Start of Block

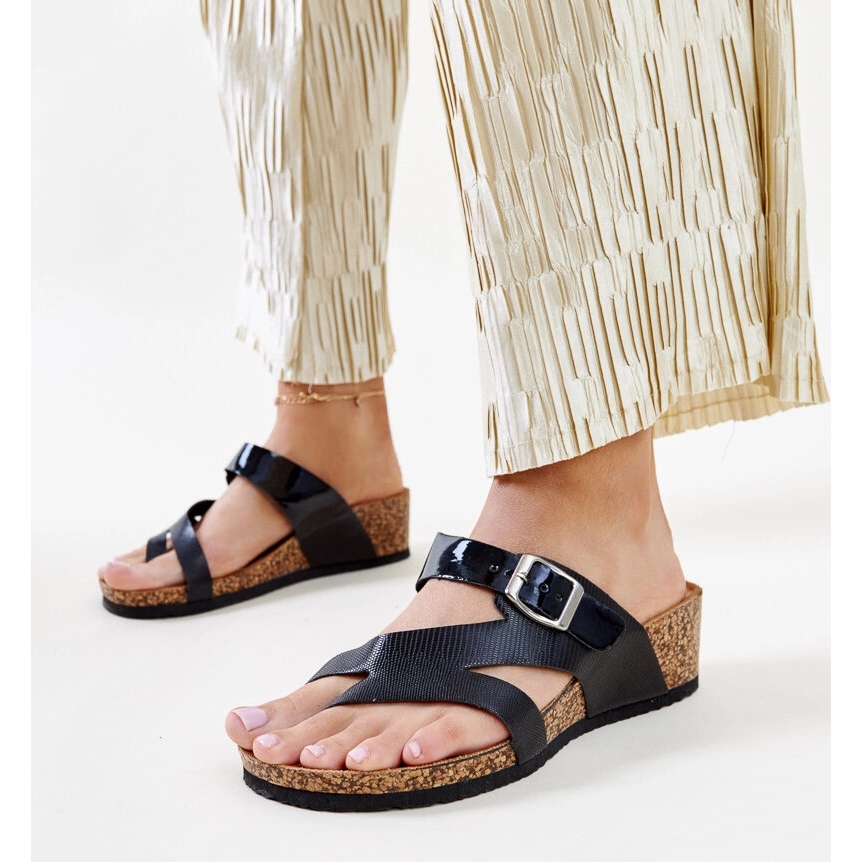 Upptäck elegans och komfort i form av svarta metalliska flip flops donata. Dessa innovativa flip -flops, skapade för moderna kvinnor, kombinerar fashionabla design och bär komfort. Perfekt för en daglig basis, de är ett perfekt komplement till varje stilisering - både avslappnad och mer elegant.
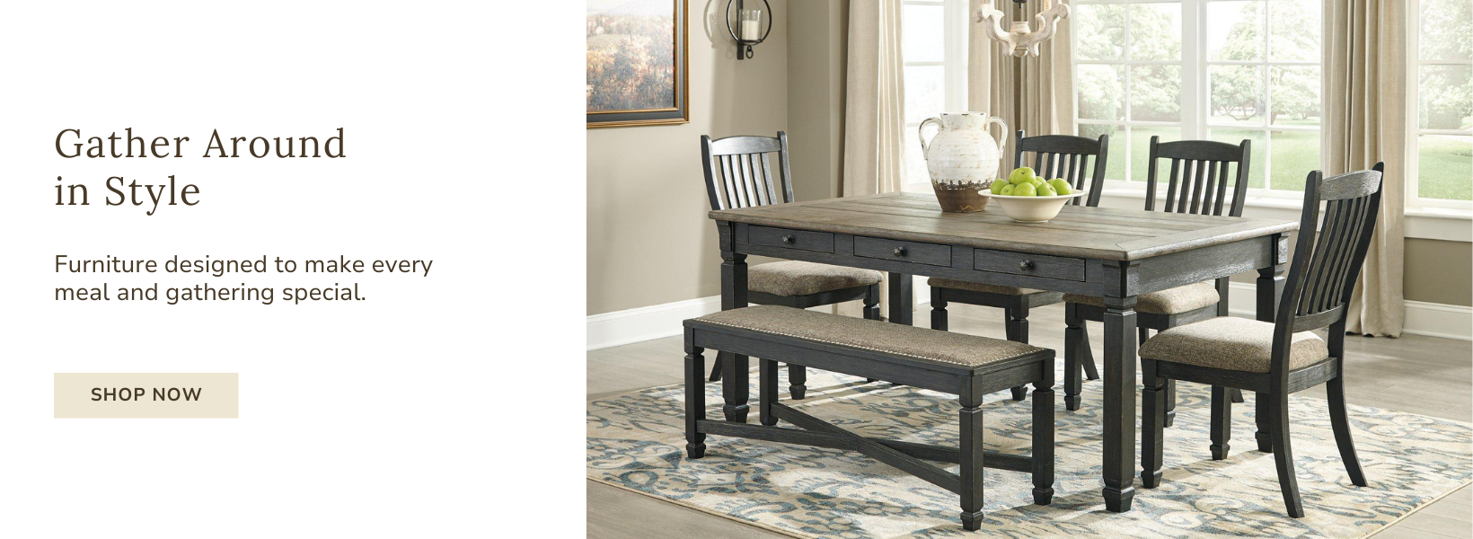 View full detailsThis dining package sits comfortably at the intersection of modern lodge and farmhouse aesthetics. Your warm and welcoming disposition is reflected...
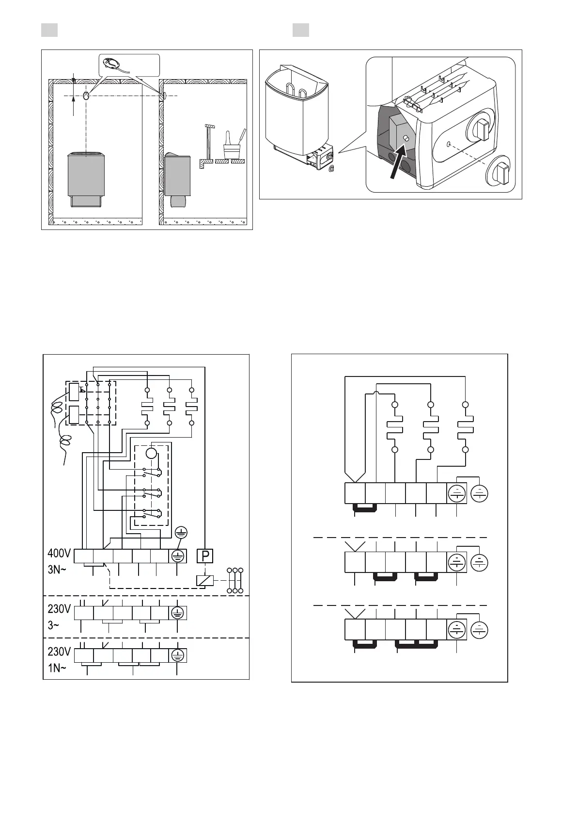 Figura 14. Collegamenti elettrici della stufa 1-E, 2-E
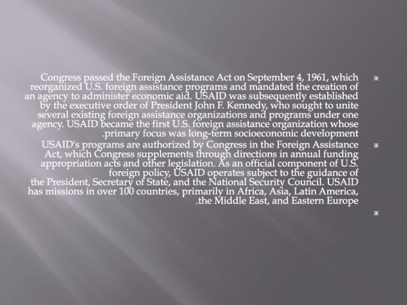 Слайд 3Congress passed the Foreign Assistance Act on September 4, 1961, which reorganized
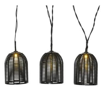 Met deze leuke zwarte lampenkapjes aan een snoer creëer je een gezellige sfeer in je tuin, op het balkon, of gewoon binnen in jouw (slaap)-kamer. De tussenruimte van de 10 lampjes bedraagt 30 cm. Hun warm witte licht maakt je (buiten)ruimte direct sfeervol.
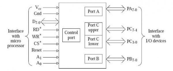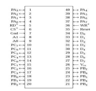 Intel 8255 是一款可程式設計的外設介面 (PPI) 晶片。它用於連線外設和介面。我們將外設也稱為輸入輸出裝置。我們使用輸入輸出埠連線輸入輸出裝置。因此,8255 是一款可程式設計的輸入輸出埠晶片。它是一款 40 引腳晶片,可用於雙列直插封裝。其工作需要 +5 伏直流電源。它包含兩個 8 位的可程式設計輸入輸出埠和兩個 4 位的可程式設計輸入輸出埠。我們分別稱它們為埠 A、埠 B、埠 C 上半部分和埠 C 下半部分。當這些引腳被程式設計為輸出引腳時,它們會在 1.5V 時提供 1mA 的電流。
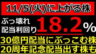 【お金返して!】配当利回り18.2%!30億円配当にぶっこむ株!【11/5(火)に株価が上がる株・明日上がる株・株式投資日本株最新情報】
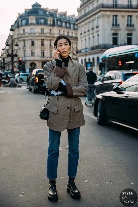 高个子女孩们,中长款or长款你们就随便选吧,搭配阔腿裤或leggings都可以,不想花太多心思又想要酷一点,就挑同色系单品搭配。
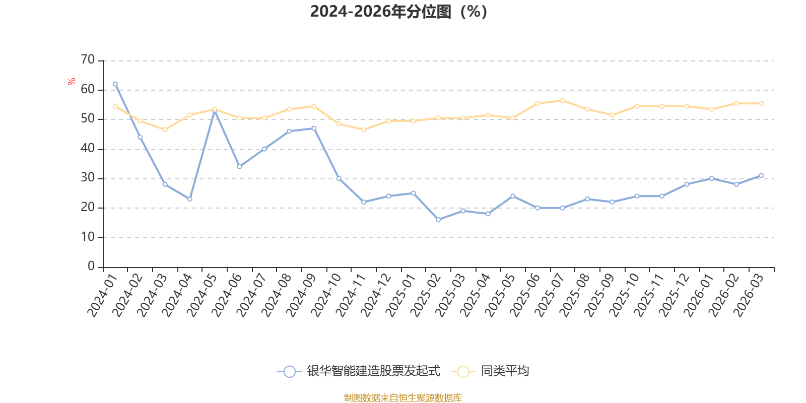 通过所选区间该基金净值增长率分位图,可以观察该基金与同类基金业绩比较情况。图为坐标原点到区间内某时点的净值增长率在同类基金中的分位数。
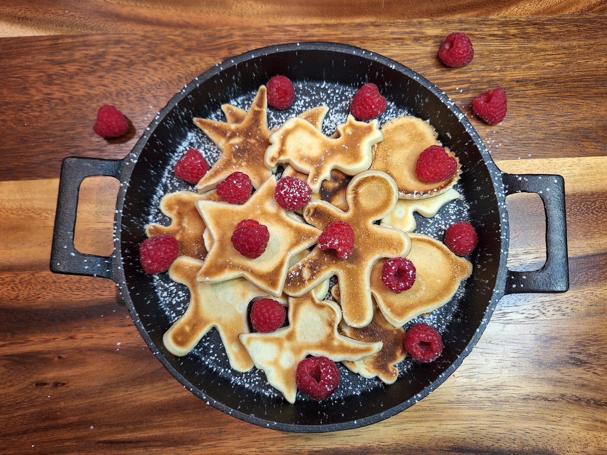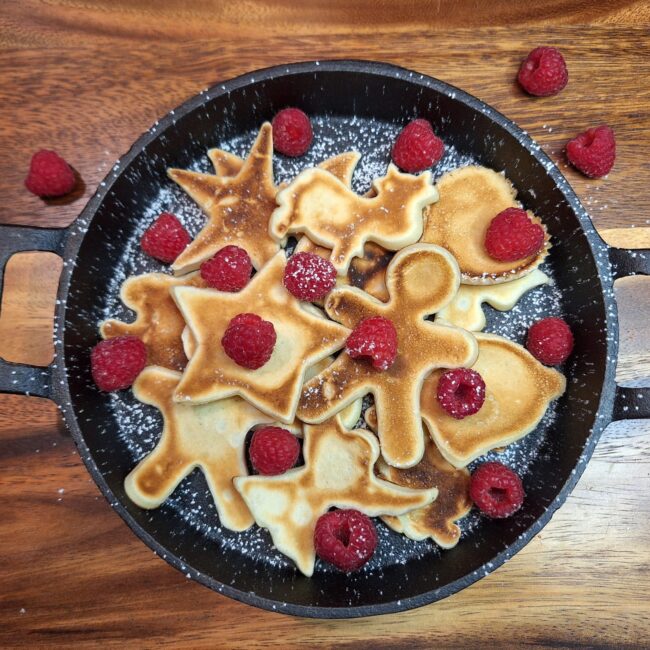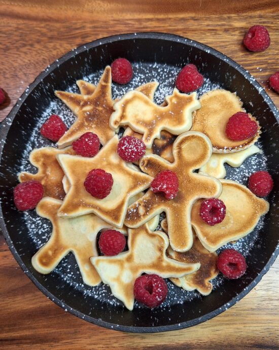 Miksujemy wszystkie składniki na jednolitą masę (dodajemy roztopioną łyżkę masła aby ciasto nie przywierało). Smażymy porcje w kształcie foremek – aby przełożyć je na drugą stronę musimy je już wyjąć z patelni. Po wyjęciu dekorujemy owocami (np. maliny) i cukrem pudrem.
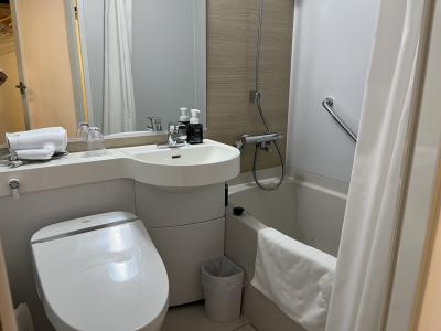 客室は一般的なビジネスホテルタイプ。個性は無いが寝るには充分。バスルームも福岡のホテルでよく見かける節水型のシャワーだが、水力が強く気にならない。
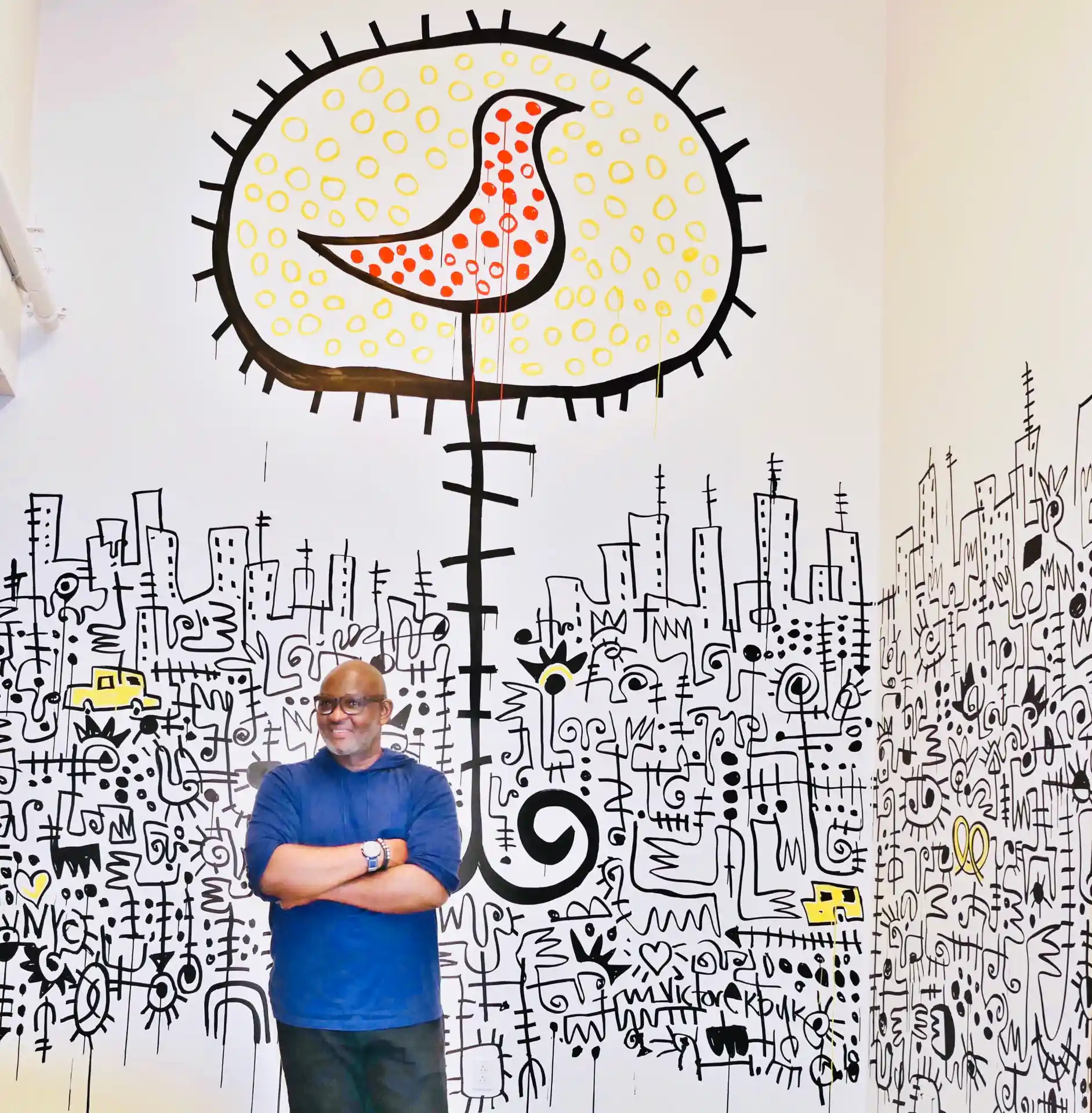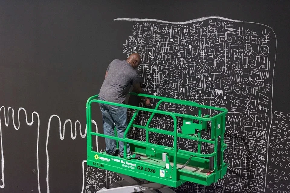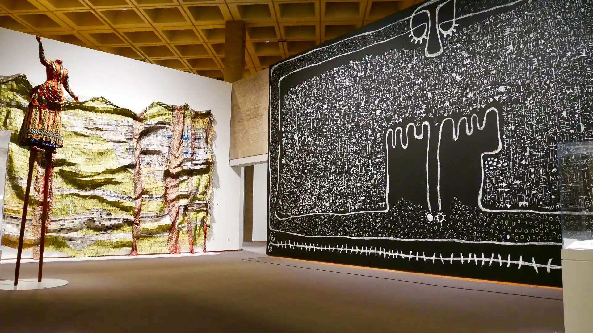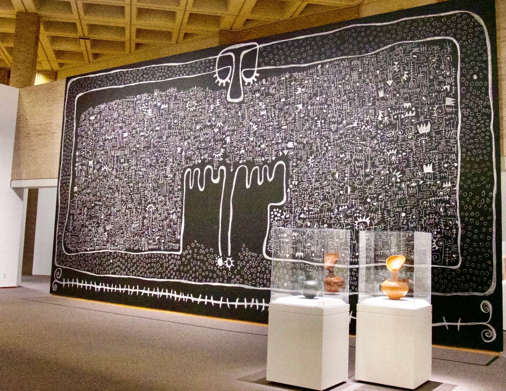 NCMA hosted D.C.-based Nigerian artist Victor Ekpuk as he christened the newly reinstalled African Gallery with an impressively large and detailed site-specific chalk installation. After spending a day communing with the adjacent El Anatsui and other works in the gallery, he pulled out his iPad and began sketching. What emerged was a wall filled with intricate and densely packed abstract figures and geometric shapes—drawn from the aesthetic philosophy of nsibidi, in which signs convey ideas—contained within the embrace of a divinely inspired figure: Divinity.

End of Block

Copy only this from above: the line containing "Figura 14. Collegamenti", the line containing "Met deze leuke", and all lines between, printed exactly. Leave out the pictures.

 Figura 14. Collegamenti elettrici della stufa 1-E, 2-E
 Слайд 3Congress passed the Foreign Assistance Act on September 4, 1961, which reorganized
 Met deze leuke zwarte lampenkapjes aan een snoer creëer je een gezellige sfeer in je tuin, op het balkon, of gewoon binnen in jouw (slaap)-kamer. De tussenruimte van de 10 lampjes bedraagt 30 cm. Hun warm witte licht maakt je (buiten)ruimte direct sfeervol.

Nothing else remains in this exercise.